▸ GOAL OF THE EXERCISE:
All of the listing must be given again exactly, except that the images are dropped.

╭─ COLLECTED MATERIAL

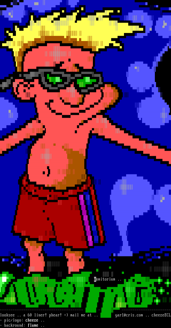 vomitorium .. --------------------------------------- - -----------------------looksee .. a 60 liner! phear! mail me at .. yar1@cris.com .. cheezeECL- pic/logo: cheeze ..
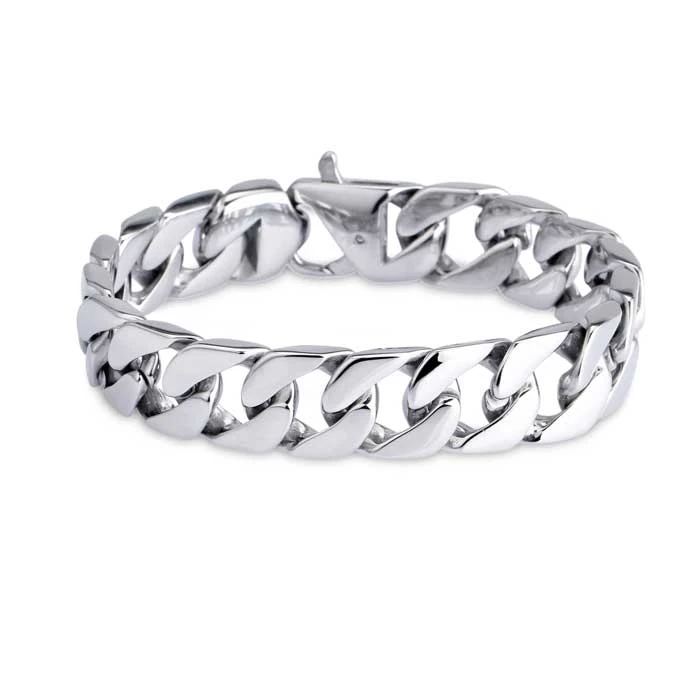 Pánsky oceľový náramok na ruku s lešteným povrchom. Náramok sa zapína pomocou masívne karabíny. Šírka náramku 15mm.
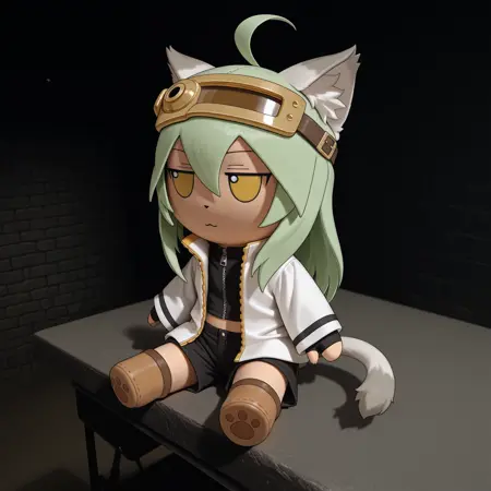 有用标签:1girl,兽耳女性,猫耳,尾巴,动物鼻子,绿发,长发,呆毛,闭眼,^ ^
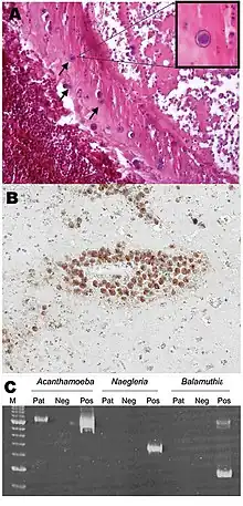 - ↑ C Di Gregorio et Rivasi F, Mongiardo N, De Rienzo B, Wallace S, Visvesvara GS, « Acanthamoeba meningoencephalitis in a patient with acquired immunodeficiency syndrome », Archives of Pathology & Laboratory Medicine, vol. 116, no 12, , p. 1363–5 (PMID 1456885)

╰─

▸ WRITTEN RESPONSE:
 vomitorium .. --------------------------------------- - -----------------------looksee .. a 60 liner! phear! mail me at .. yar1@cris.com .. cheezeECL- pic/logo: cheeze ..
 Pánsky oceľový náramok na ruku s lešteným povrchom. Náramok sa zapína pomocou masívne karabíny. Šírka náramku 15mm.
 有用标签:1girl,兽耳女性,猫耳,尾巴,动物鼻子,绿发,长发,呆毛,闭眼,^ ^
 - ↑ C Di Gregorio et Rivasi F, Mongiardo N, De Rienzo B, Wallace S, Visvesvara GS, « Acanthamoeba meningoencephalitis in a patient with acquired immunodeficiency syndrome », Archives of Pathology & Laboratory Medicine, vol. 116, no 12, , p. 1363–5 (PMID 1456885)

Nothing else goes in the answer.